[The data]:
┌────────

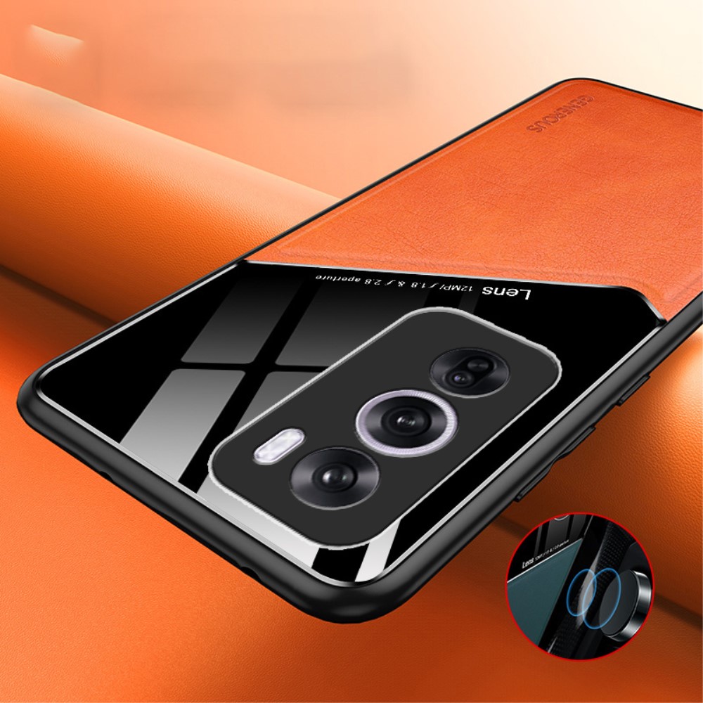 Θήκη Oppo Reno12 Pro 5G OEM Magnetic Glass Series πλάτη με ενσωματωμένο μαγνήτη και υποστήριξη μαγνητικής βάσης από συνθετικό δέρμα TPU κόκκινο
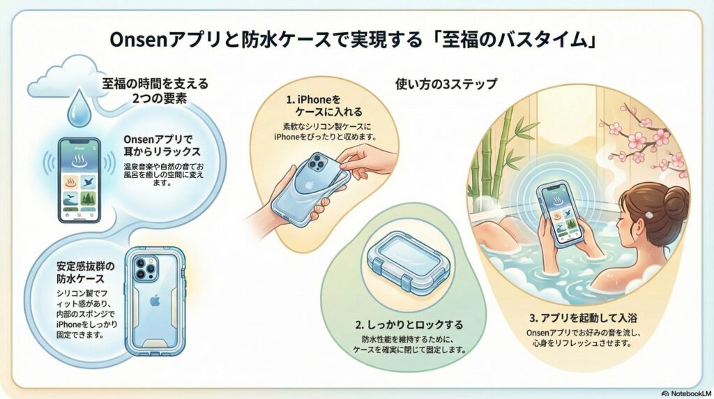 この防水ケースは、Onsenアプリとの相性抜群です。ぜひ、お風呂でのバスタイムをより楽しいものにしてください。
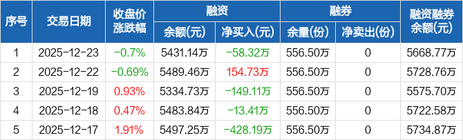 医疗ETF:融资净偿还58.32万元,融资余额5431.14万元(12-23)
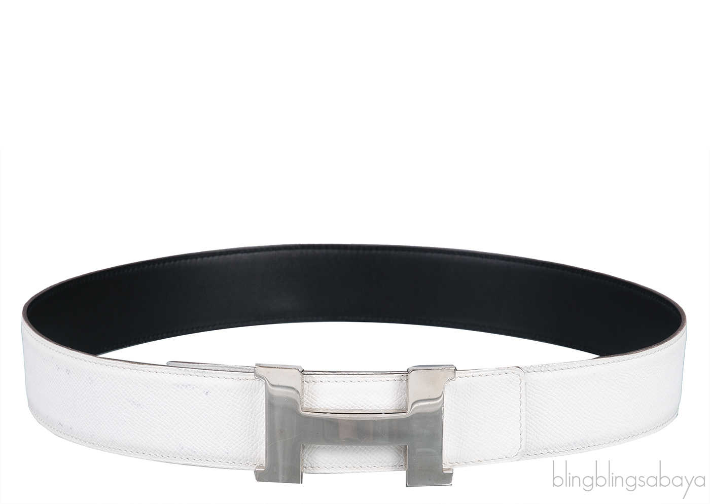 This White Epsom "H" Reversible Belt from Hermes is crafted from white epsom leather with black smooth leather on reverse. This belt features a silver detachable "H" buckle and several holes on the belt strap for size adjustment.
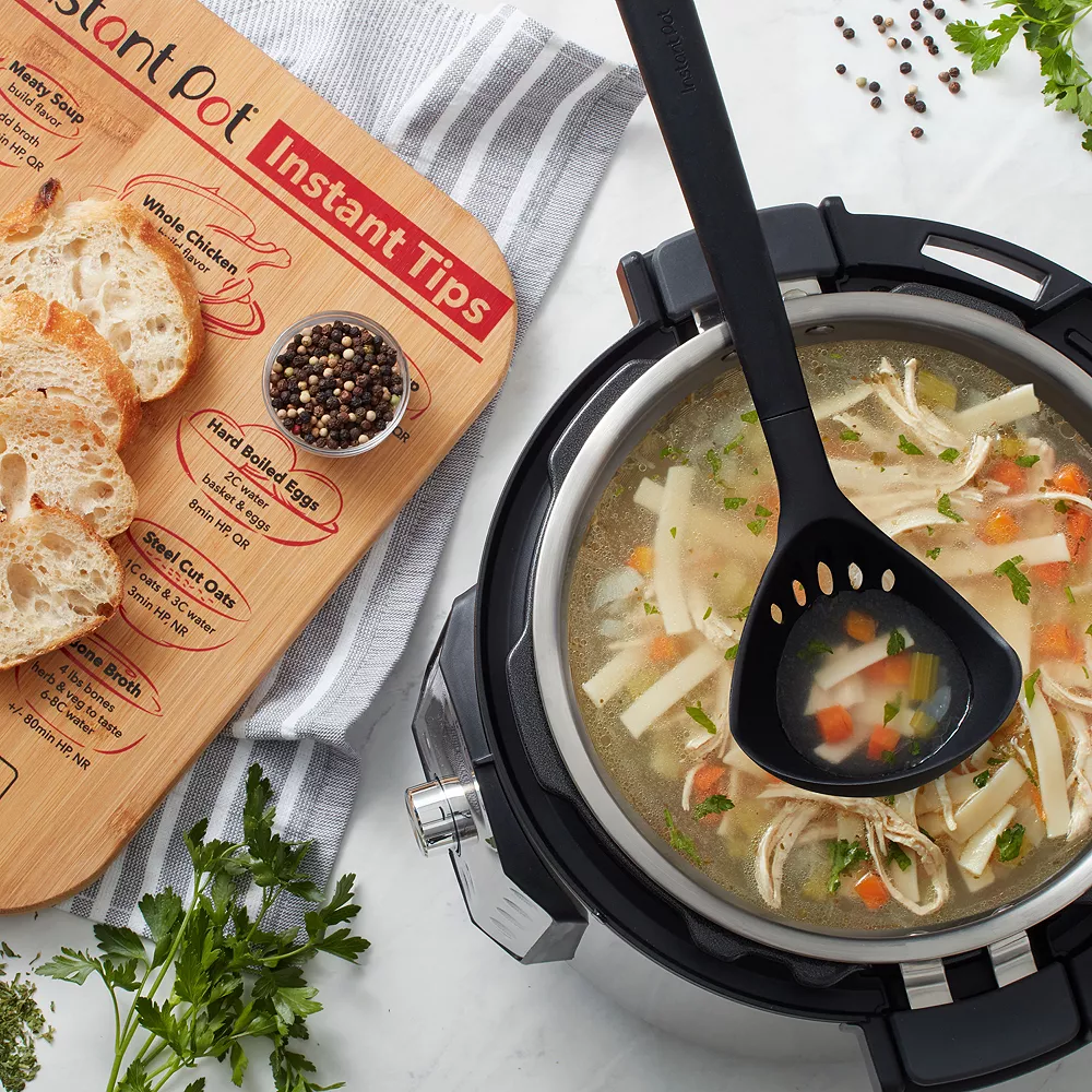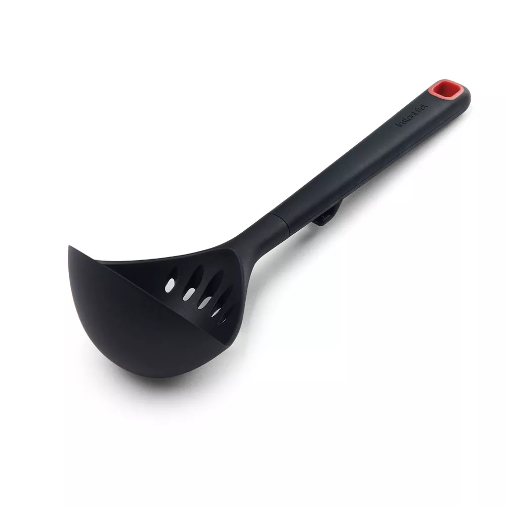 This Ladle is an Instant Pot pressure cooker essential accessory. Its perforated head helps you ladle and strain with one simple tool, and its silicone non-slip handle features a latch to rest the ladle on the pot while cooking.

└────────
┌────────

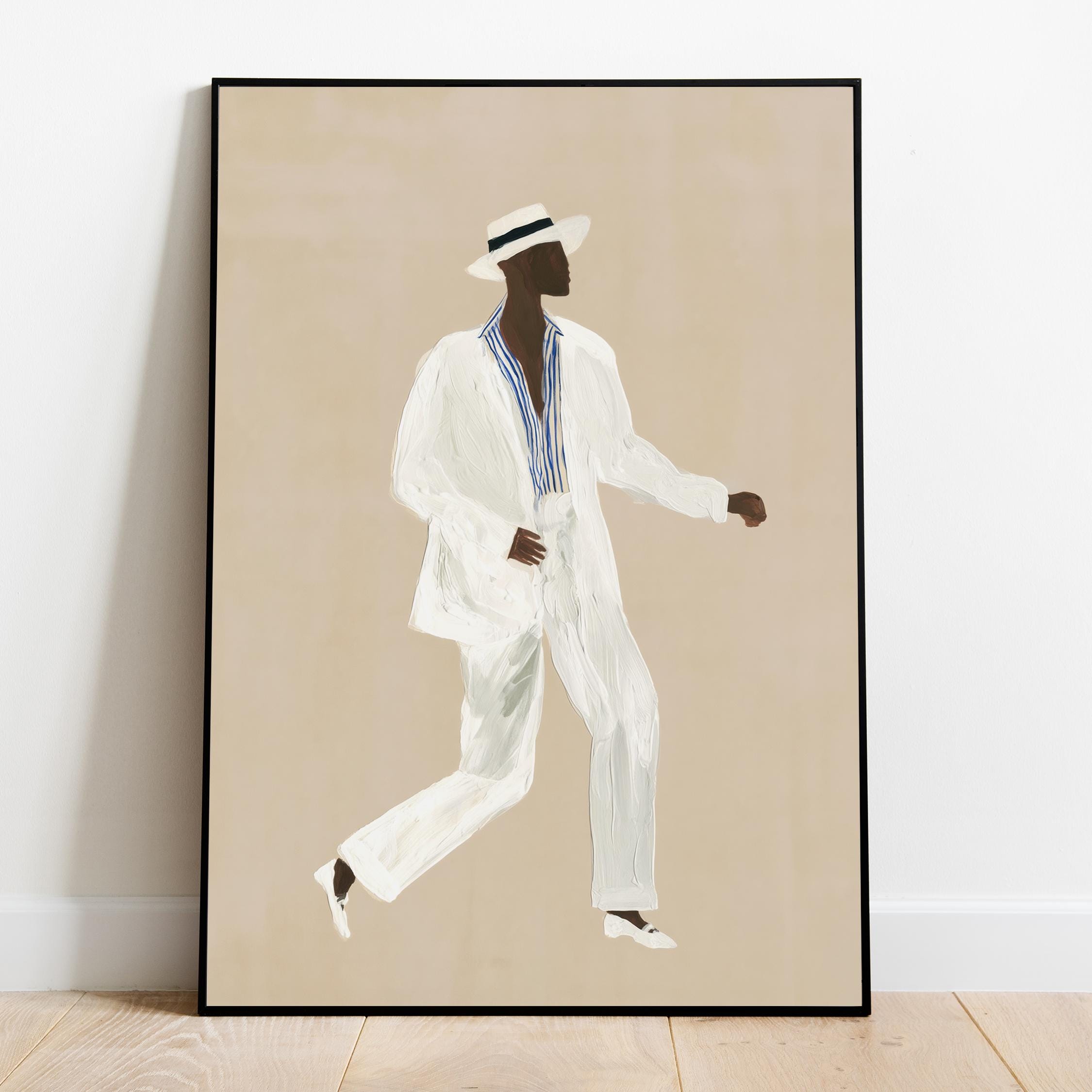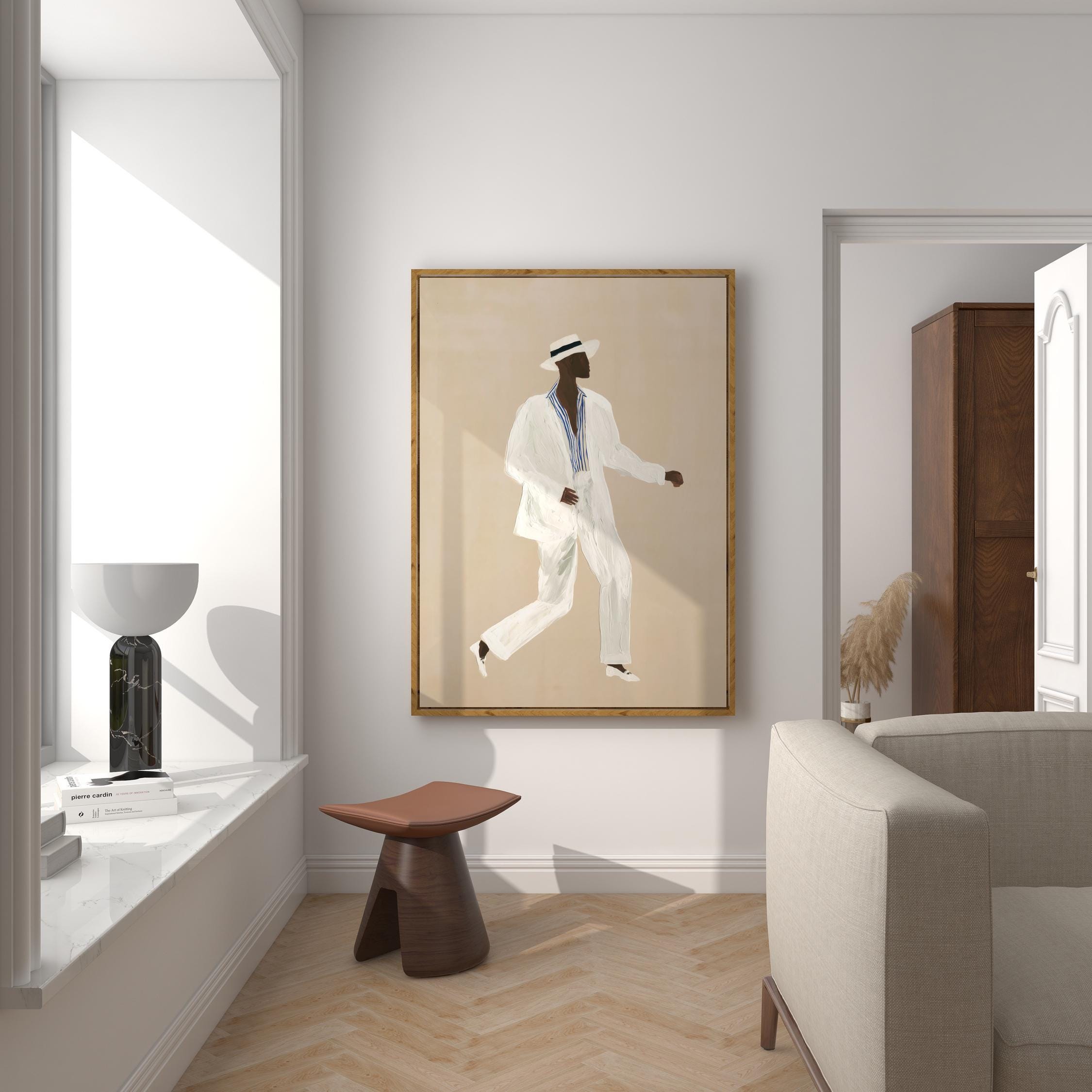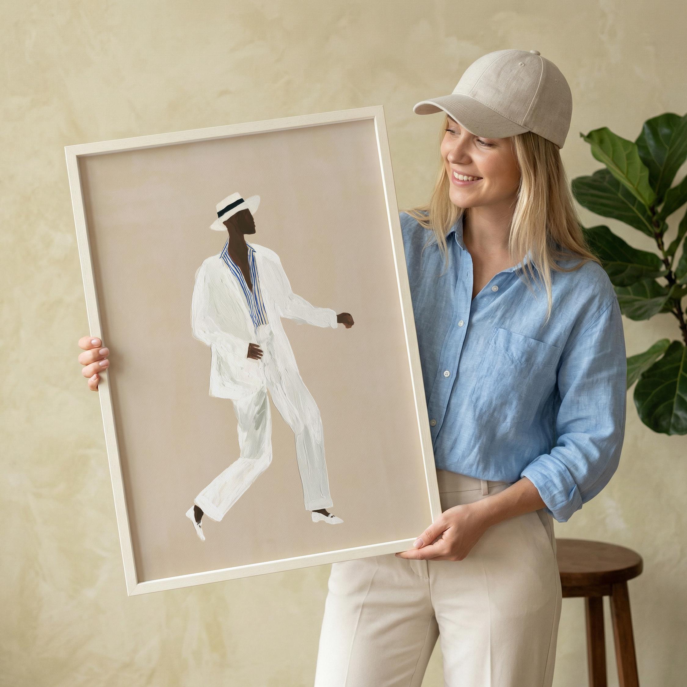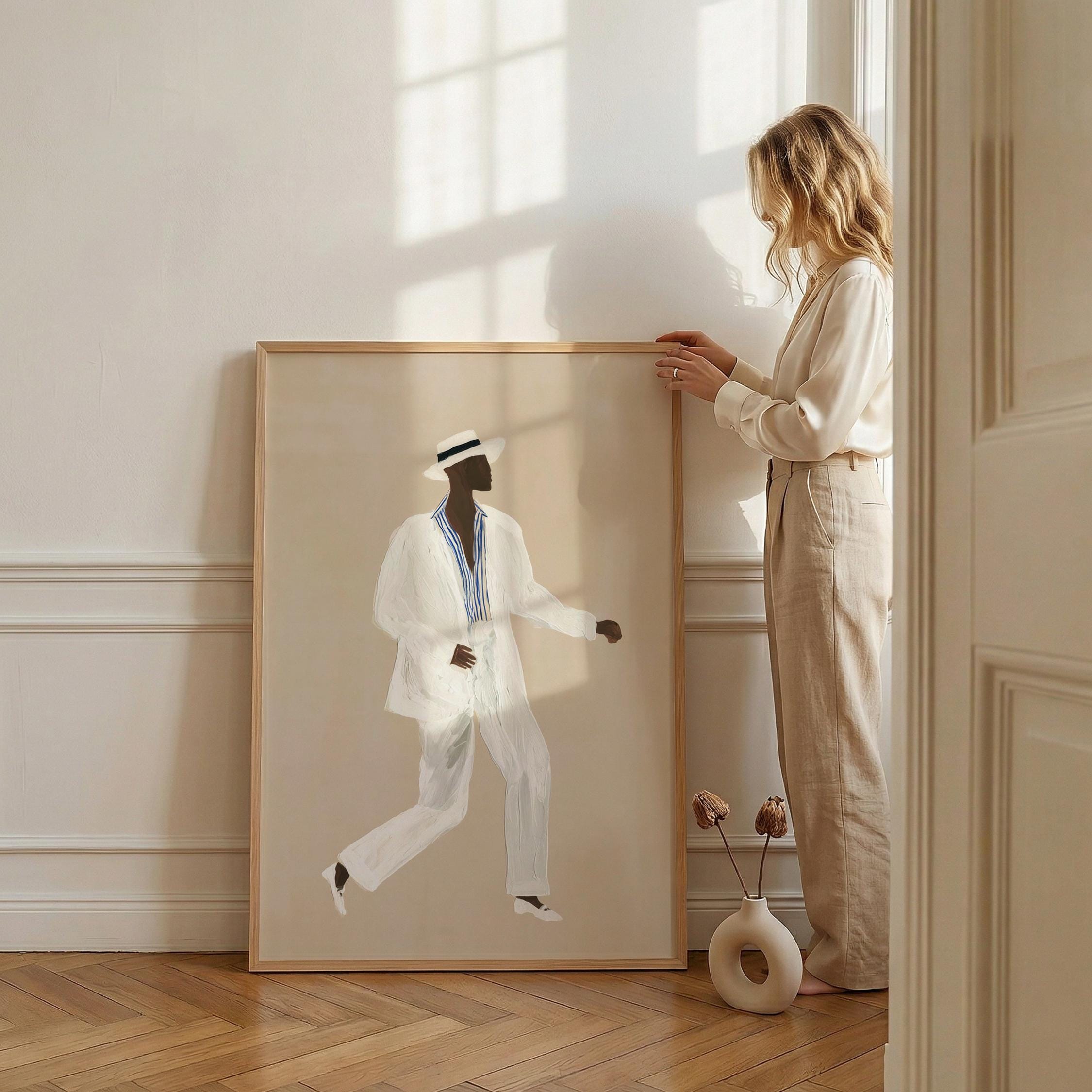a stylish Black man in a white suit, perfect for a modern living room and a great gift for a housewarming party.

└────────

[Action item]:
The lines to copy exactly start with the line above that has "This White Epsom" and go on through the line that has "This Ladle is"; please include both, add nothing else, and omit the pictures.

[Solved exercise]:
 This White Epsom "H" Reversible Belt from Hermes is crafted from white epsom leather with black smooth leather on reverse. This belt features a silver detachable "H" buckle and several holes on the belt strap for size adjustment.
 This Ladle is an Instant Pot pressure cooker essential accessory. Its perforated head helps you ladle and strain with one simple tool, and its silicone non-slip handle features a latch to rest the ladle on the pot while cooking.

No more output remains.